* Exercise aim:
All of the data goes into your copy exactly as written. Images do not.

* Provided records:
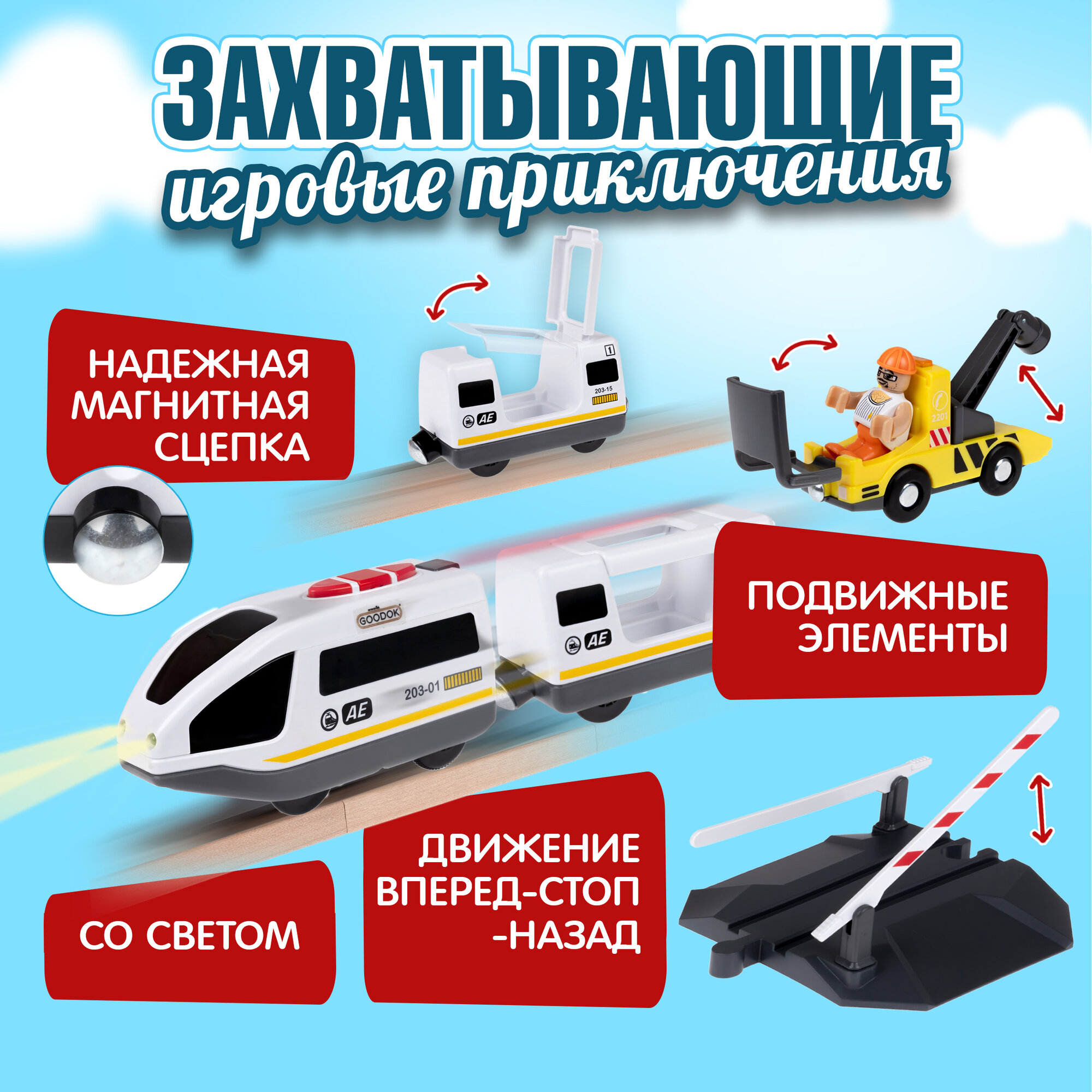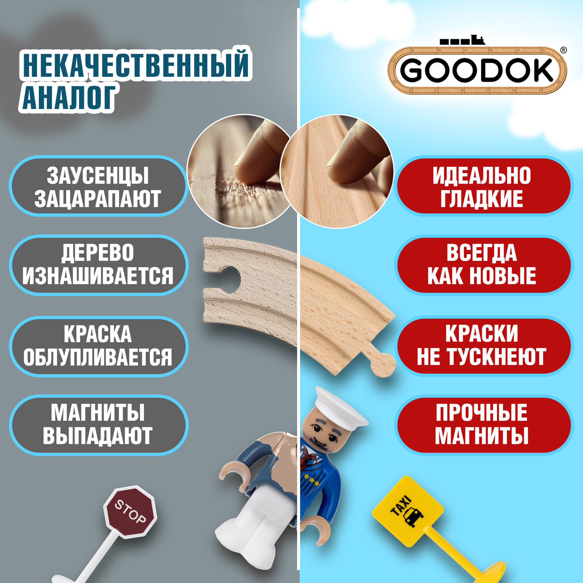 Деревянная железная дорога 1TOY GOODOK "Осторожо, переезд!" с электропоездом и аксессуарами, 35 деталей
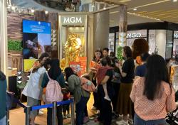大型路展於雅加達中央公園購物中心(Central Park Mall)舉行。美高梅的展位設計富有東南亞崇尚自然的特色,中央設置以公司的象徵金獅為主題的扭蛋機,而美高梅吉祥物善獅Leo在場與觀眾互動,帶動現場氣氛。觀眾亦踴躍參與扭蛋遊戲,豐富奬品包括美高梅酒店住宿優惠和精美紀念品等。是次送出的住宿優惠附贈輕軌通和美高梅「澳門海上遊」船票,旨在聯乘「文旅+觀光+交通」創意設計的「媽閣CityWalk路線」,推廣澳門多元、深厚的歷史文化底蘊,展示澳門作為世界旅遊休閒中心的實力。
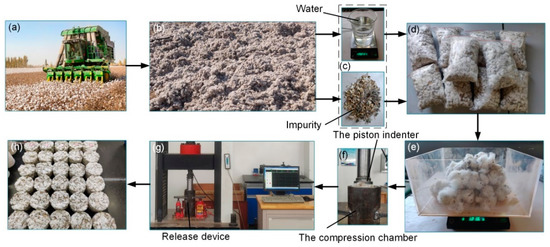 The experiment procedures. (a) mechanized harvesting; (b) machine-harvested seed cotton sampling; (c) rehydration (adding impurities) treatment machine-harvested seed cotton samples; (d) processed samples; (e) feeding quality control; (f) guarantee of initial density; (g) machine-harvested seed cotton compresses and strain remains 300 s; (h) machine-harvested seed cotton molding.
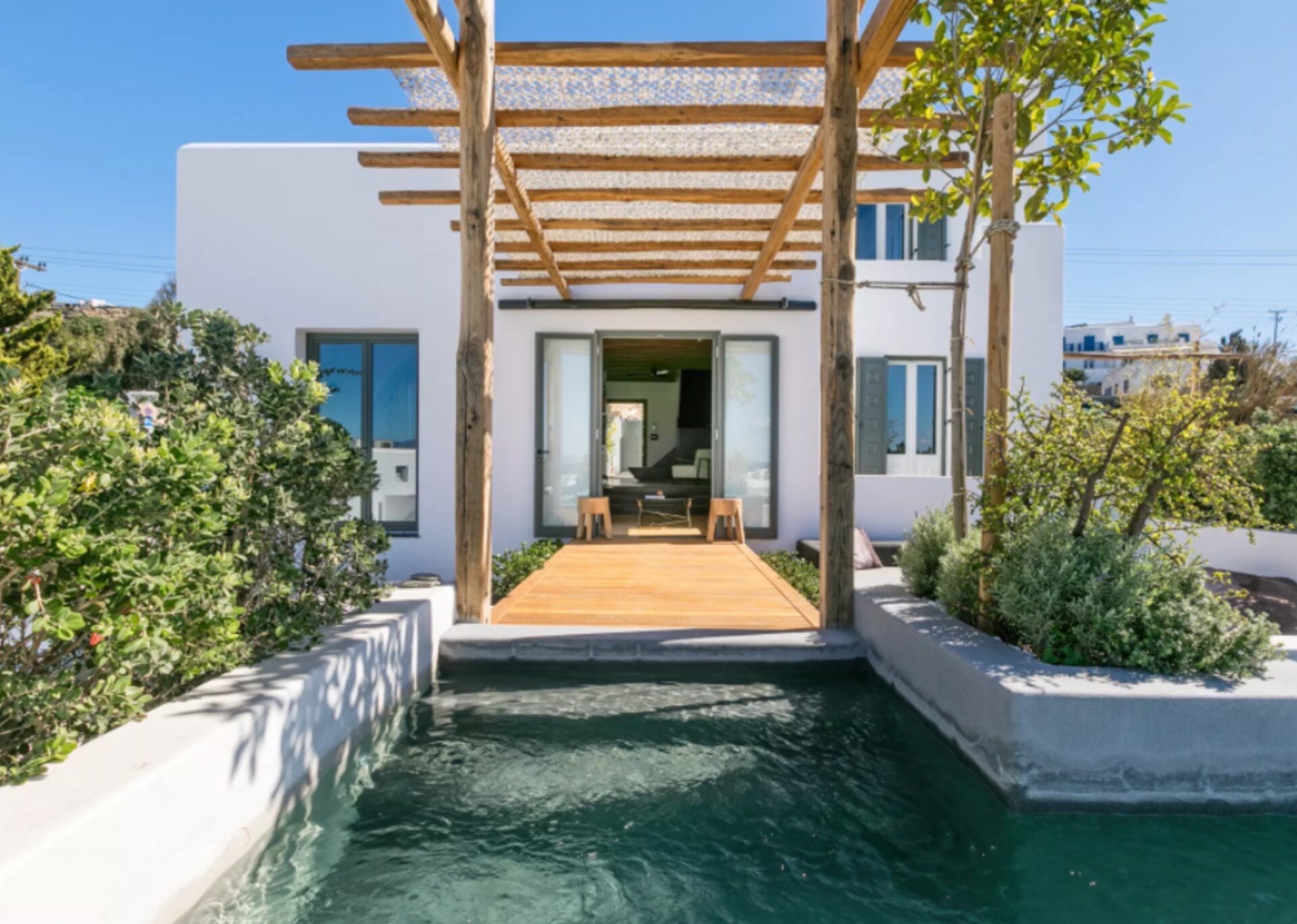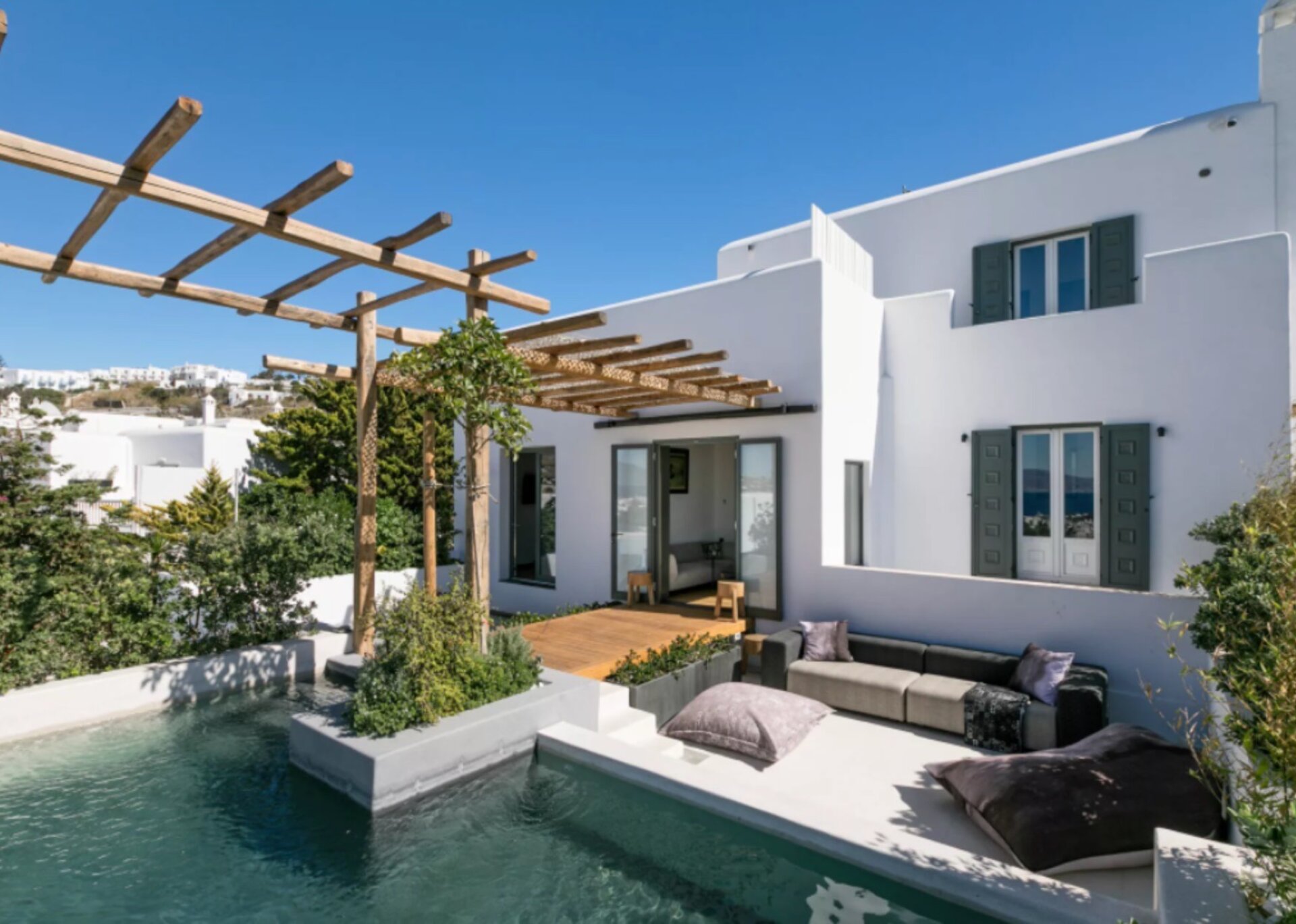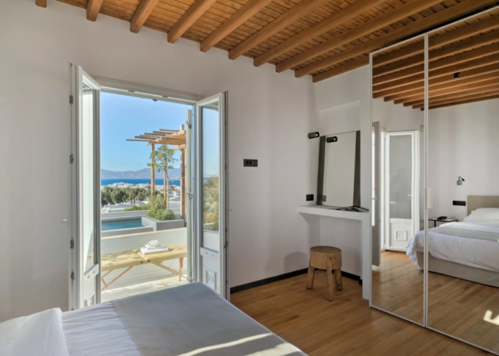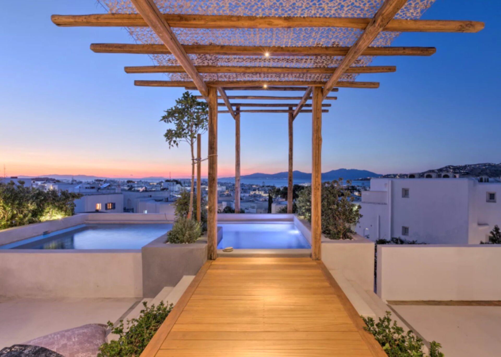 Villa Freya is a lavish resort that perfectly captures the Cycladic spirit. A Mykonian gem ideally located in Mykonos Town overlooking the Aegean sea, includes numerous amenities that will definitely spoil you. The outdoor area is spacious and includes a private swimming pool with lounging areas near it and sunbeds around it. Freya offers immaculate views of the sea and the sunset that can be gazed while swimming in the pool or having dinner in the outer dining area.
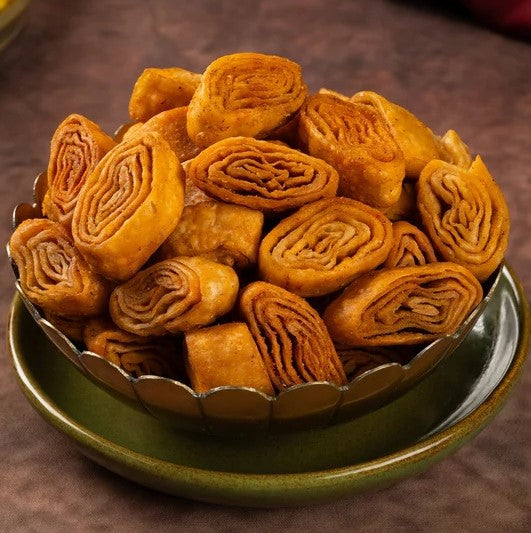 Enjoy the layered crunch of Khara Khaja — a golden, spiced treat that pairs beautifully with chai or satisfies solo cravings.
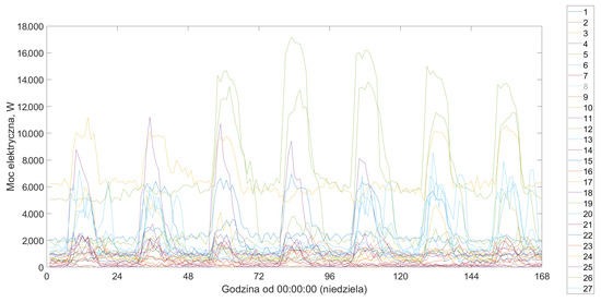 where instantaneous power, N, is expressed in kilowatts and the indices refers to the following: network—network; gen—local generation from RES; hp—heat pump; us—energy consumption for utility purposes; and ac—energy consumption for air conditioning purposes. The power drawn from the network is the output value. The generation from RES sources depends on the adopted technology and is calculated using meteorological data and data from the PVGIS [17] system.
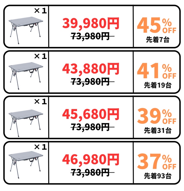 【makuake特別早割 50%OFF】ローリングキャンプテーブル×5
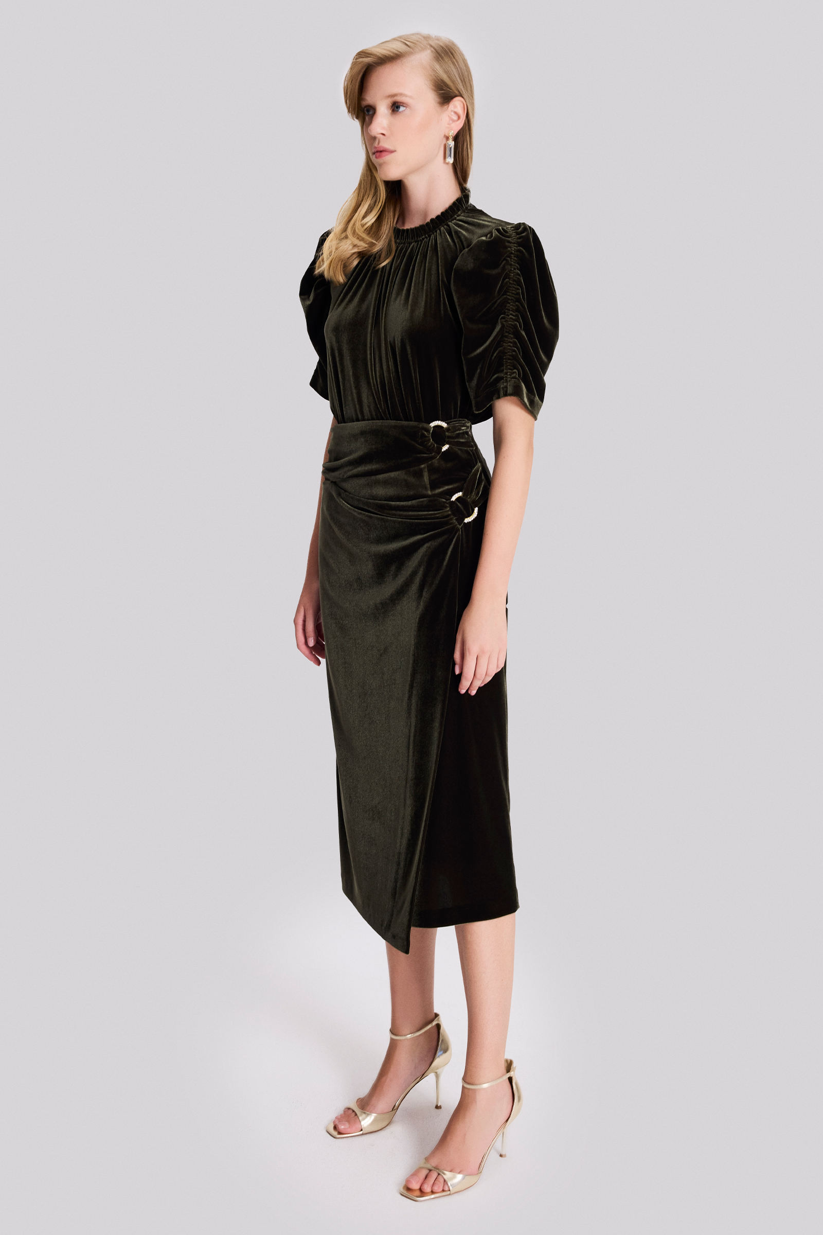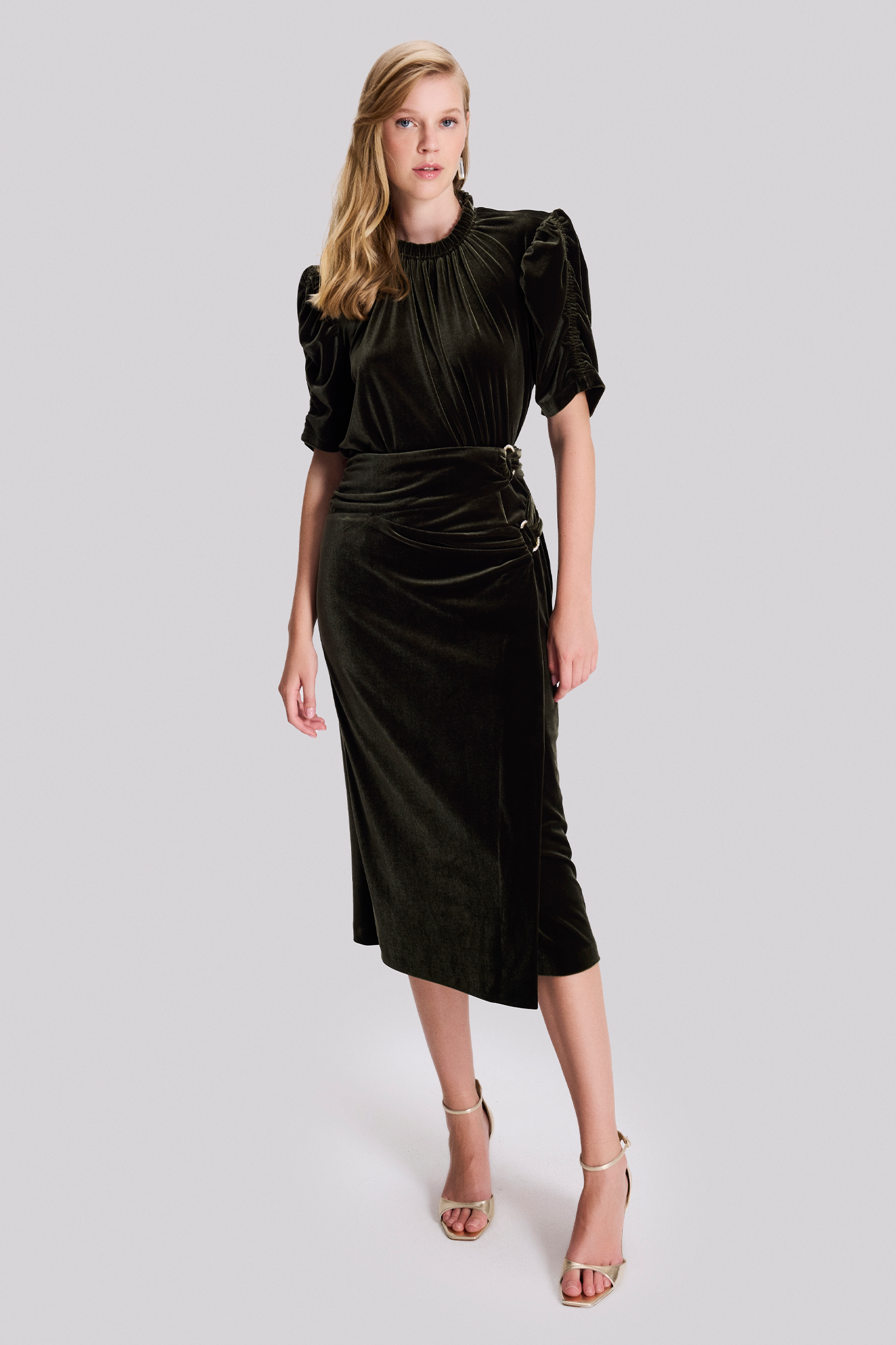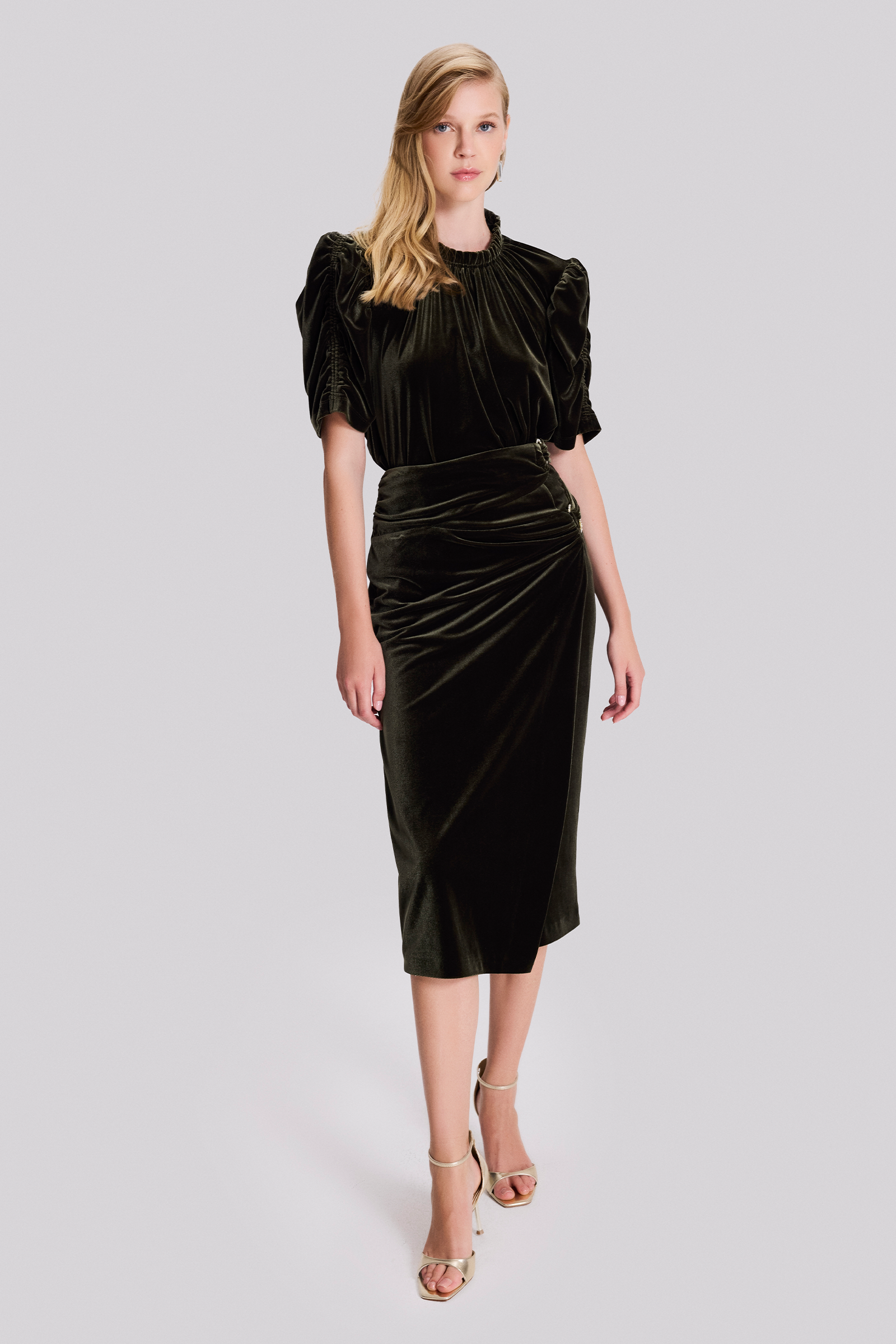 Aksesuar Detaylı Midi Boy Kadife Etek
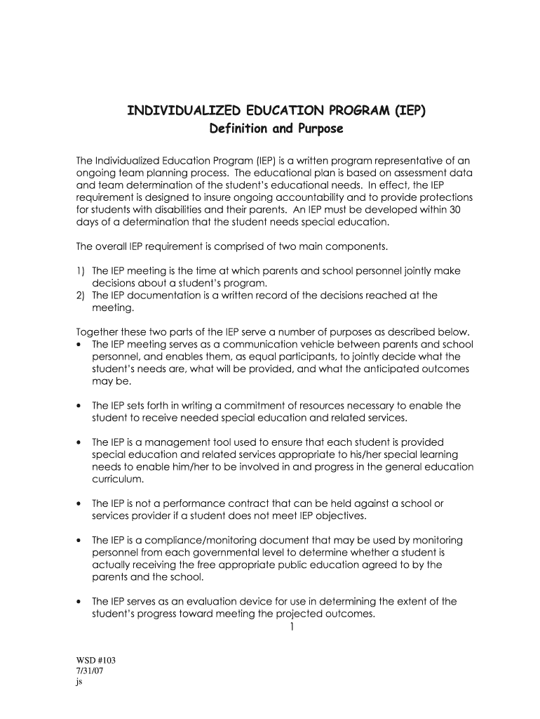 Purpose and Benefits of the Individualized Education Program (IEP) Form

* Task result:
 Деревянная железная дорога 1TOY GOODOK "Осторожо, переезд!" с электропоездом и аксессуарами, 35 деталей
大型路展於雅加達中央公園購物中心(Central Park Mall)舉行。美高梅的展位設計富有東南亞崇尚自然的特色,中央設置以公司的象徵金獅為主題的扭蛋機,而美高梅吉祥物善獅Leo在場與觀眾互動,帶動現場氣氛。觀眾亦踴躍參與扭蛋遊戲,豐富奬品包括美高梅酒店住宿優惠和精美紀念品等。是次送出的住宿優惠附贈輕軌通和美高梅「澳門海上遊」船票,旨在聯乘「文旅+觀光+交通」創意設計的「媽閣CityWalk路線」,推廣澳門多元、深厚的歷史文化底蘊,展示澳門作為世界旅遊休閒中心的實力。
 The experiment procedures. (a) mechanized harvesting; (b) machine-harvested seed cotton sampling; (c) rehydration (adding impurities) treatment machine-harvested seed cotton samples; (d) processed samples; (e) feeding quality control; (f) guarantee of initial density; (g) machine-harvested seed cotton compresses and strain remains 300 s; (h) machine-harvested seed cotton molding.
 Villa Freya is a lavish resort that perfectly captures the Cycladic spirit. A Mykonian gem ideally located in Mykonos Town overlooking the Aegean sea, includes numerous amenities that will definitely spoil you. The outdoor area is spacious and includes a private swimming pool with lounging areas near it and sunbeds around it. Freya offers immaculate views of the sea and the sunset that can be gazed while swimming in the pool or having dinner in the outer dining area.
 Enjoy the layered crunch of Khara Khaja — a golden, spiced treat that pairs beautifully with chai or satisfies solo cravings.
 where instantaneous power, N, is expressed in kilowatts and the indices refers to the following: network—network; gen—local generation from RES; hp—heat pump; us—energy consumption for utility purposes; and ac—energy consumption for air conditioning purposes. The power drawn from the network is the output value. The generation from RES sources depends on the adopted technology and is calculated using meteorological data and data from the PVGIS [17] system.
 【makuake特別早割 50%OFF】ローリングキャンプテーブル×5
 Aksesuar Detaylı Midi Boy Kadife Etek
 Purpose and Benefits of the Individualized Education Program (IEP) Form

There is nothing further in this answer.